Re: All but one TMs connect when JM has more than 16G of memory

Posted by Robert Schmidtke on
URL: http://deprecated-apache-flink-user-mailing-list-archive.369.s1.nabble.com/All-but-one-TMs-connect-when-JM-has-more-than-16G-of-memory-tp2974p2975.html

I should say I'm running the current Flink master branch.

On Wed, Sep 30, 2015 at 5:02 PM, Robert Schmidtke <[hidden email]> wrote:
It's me again. This is a strange issue, I hope I managed to find the right keywords. I got 8 machines, 1 for the JM, the other 7 are TMs with 64G of memory each.

When running my job like so:

$FLINK_HOME/bin/flink run -m yarn-cluster -yjm 16384 -ytm 40960 -yn 7 .....

The job completes without any problems. When running it like so:

$FLINK_HOME/bin/flink run -m yarn-cluster -yjm 16385 -ytm 40960 -yn 7 .....

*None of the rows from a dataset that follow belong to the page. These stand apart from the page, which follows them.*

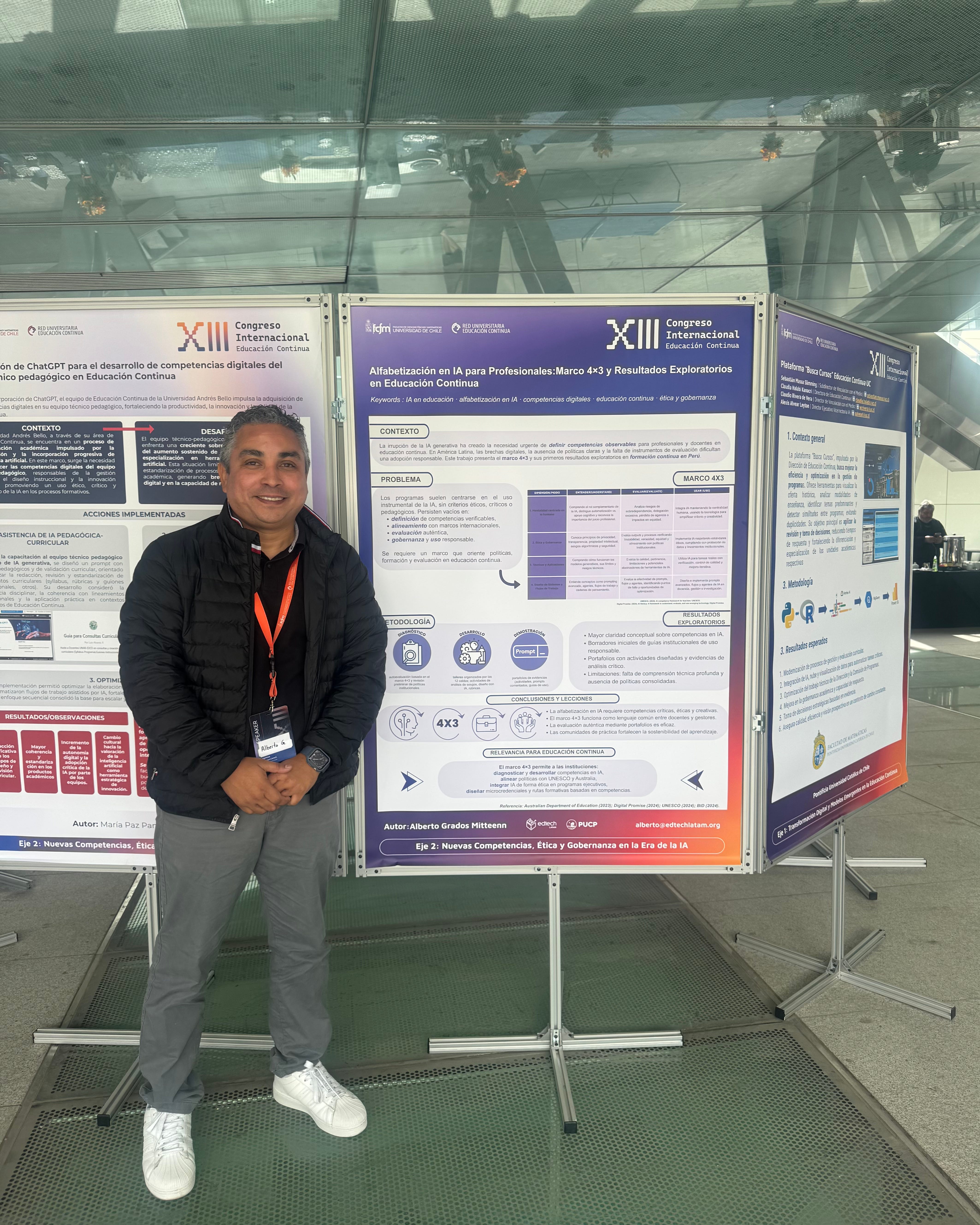 Los días 25 y 26 de noviembre participé en el XIII Congreso Internacional de Educación Continua “IA y Transformación Digital en la Educación Continua Universitaria”, organizado por la Red Universitaria de Educación Continua de Chile. Viajé para presentar mi estudio exploratorio “Alfabetización en IA para profesionales: marco 4×3 y experiencias de implementación en América Latina”. La intención de este trabajo de investigación, al que fui invitado a participar hace poco más de un año, fue el poder hacer un aporte a las instituciones educativas, dada la coyuntura:
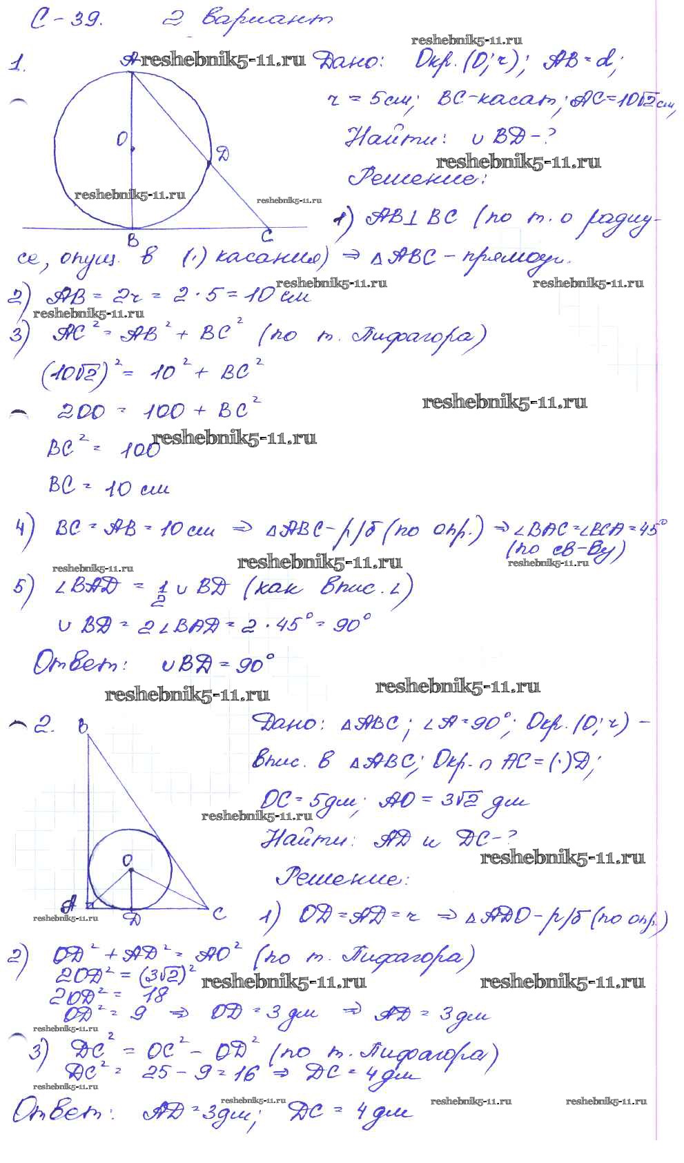 Решебник №1 / самостоятельная работа / ср №39 / вариант-2
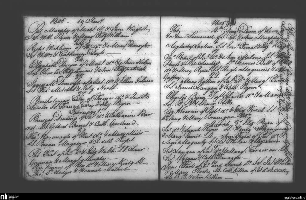 Booterstown; County of Dublin; Archdiocese of Dublin. Baptisms, Jan. 1805 to Mar. 1805
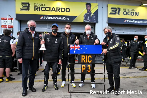 Renault laten zien dat hij het in zich heeft om een groeiend team naar grote hoogten te brengen. De Australiër wist in twee jaar tijd de Franse renstal vooruit te helpen en pakte tijdens de Grand Prix van de Eifel, onder toeziend oog van kersverse Renault-CEO en Formule 1-fanaat Luca de Meo, het eerste podium voor Renault sinds 2011. Renault-teambaas Cyril Abiteboul was uiteraard zeer verheugd met de podiumplaats, maar moest door deze prestatie in 2020 een tatoeage laten zetten.
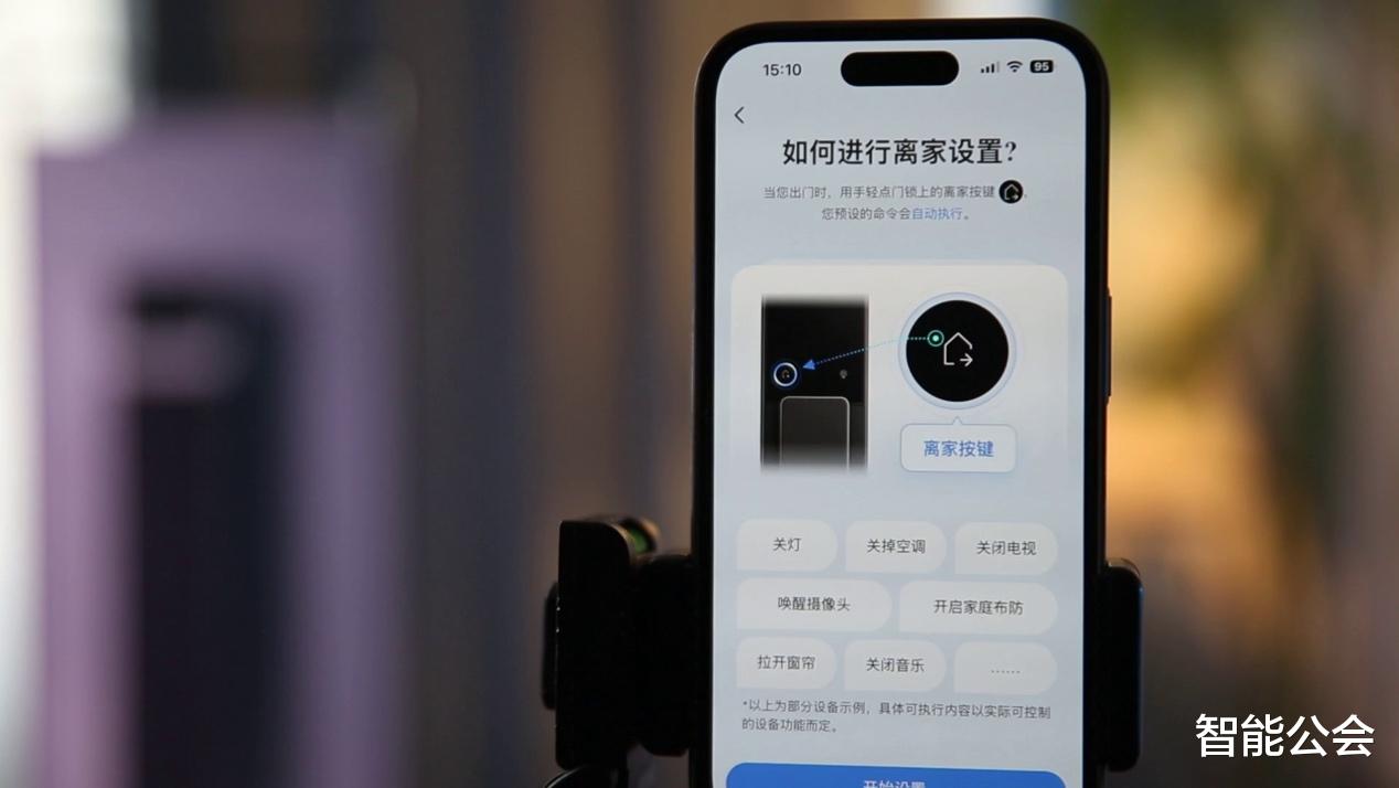 离家场景:一键离家模式,全屋灯光、非必要电器自动断电,扫地机器人开始工作,安防系统布防。一切井然有序,安心离家。
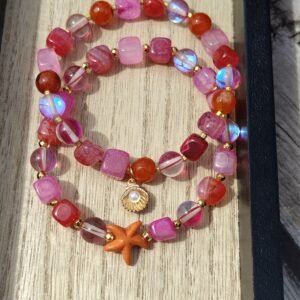 Ten komplet bransoletek z kamieni naturalnych doskonale sprawdzi się zarówno jako codzienny dodatek, jak i oryginalne uzupełnienie letnich stylizacji. Możesz nosić je razem, tworząc modny, warstwowy zestaw, lub osobno – dopasowując do swojego stylu.
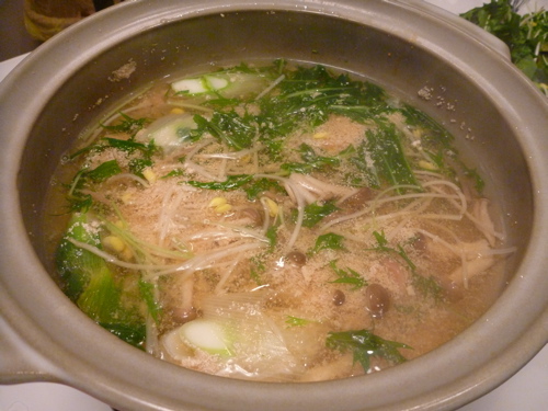 お鍋に鶏がらスープ、明太子、おろしにんにく、酒、水を入れてスープを作り、水菜、ねぎ、もやし、しめじ、しゃぶしゃぶ用豚肉を入れていただきました。
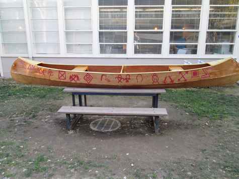I thought you might like to get an update on this. I built so that I could donate it to my daughters 4th grade class. They are studying the west ward migration, Native Americans etc, and will also do an over night stay at Sutters Fort here in Sacramento. As the Wren was made from a Native American skin on frame design, I thought it was appropriate. As part of this, the students in her class study pictographs, and so they painted a story on both sides of the boat. I have no idea what the stories are, but there is a turtle and an eagle in there! At the schools crab feed auction, the canoe sold for $850, which will help pay for field trips etc.
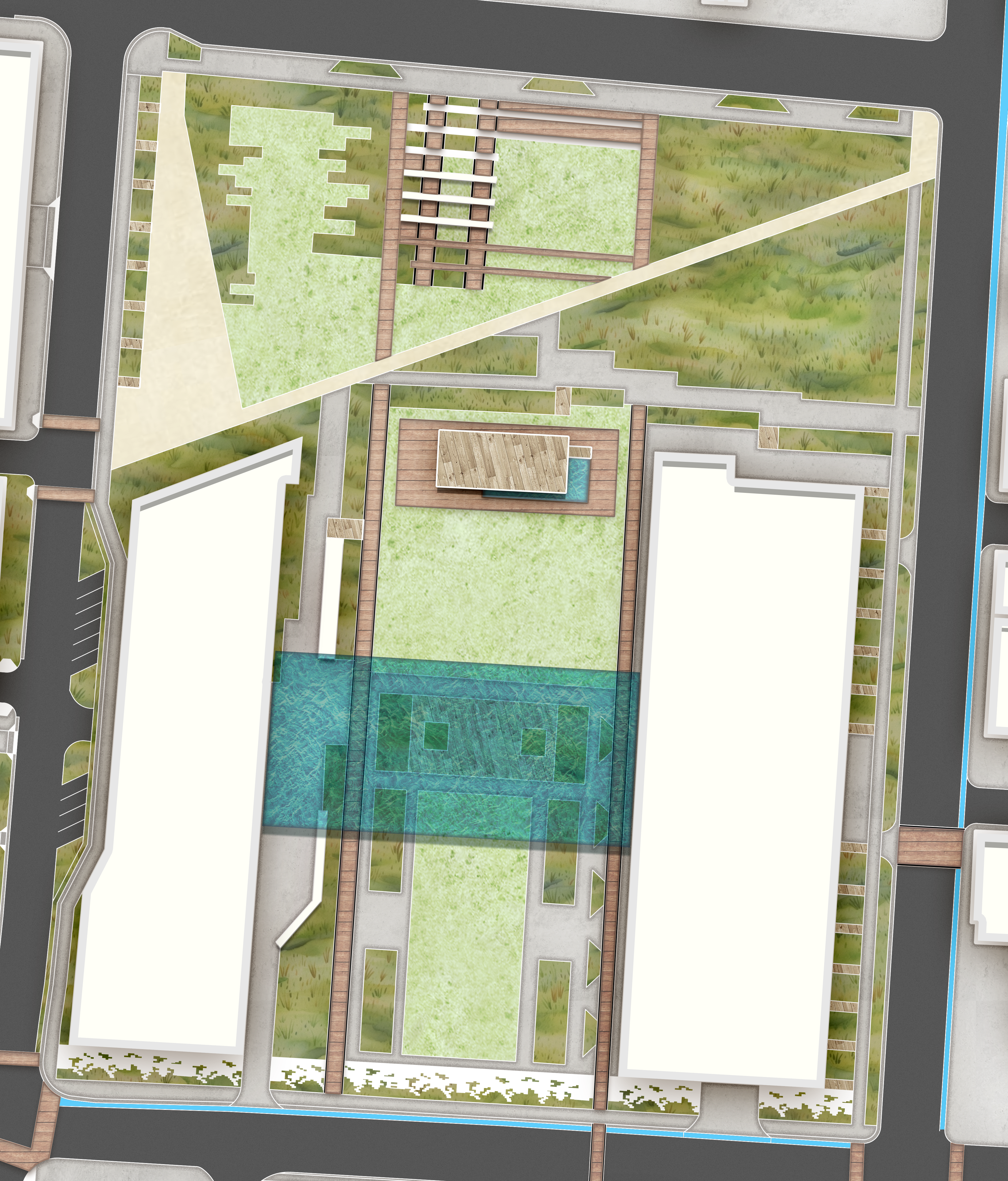 can you add string lights on both buildings planting on both buildings and a pool on one building do the glass bridge connecting the two buildings add cabanas seating a bar and people

(note the one more M of memory for the JM), the execution stalls, continuously reporting:

.....
TaskManager status (6/7)
TaskManager status (6/7)
TaskManager status (6/7)
.....

I did some poking around, but I couldn't find any direct correlation with the code.

The JM log says:

.....
16:49:01,893 INFO  org.apache.flink.yarn.ApplicationMaster$                      -  JVM Options:
16:49:01,893 INFO  org.apache.flink.yarn.ApplicationMaster$                      -     -Xmx12289M
.....

but then continues to report

.....
16:52:59,311 INFO  org.apache.flink.yarn.ApplicationMaster$$anonfun$2$$anon$1    - The user requested 7 containers, 6 running. 1 containers missing
16:52:59,831 INFO  org.apache.flink.yarn.ApplicationMaster$$anonfun$2$$anon$1    - The user requested 7 containers, 6 running. 1 containers missing
16:53:00,351 INFO  org.apache.flink.yarn.ApplicationMaster$$anonfun$2$$anon$1    - The user requested 7 containers, 6 running. 1 containers missing
.....

forever until I cancel the job.

If you have any ideas I'm happy to try them out. Thanks in advance for any hints! Cheers.

Robert
--
My GPG Key ID: 336E2680



--
My GPG Key ID: 336E2680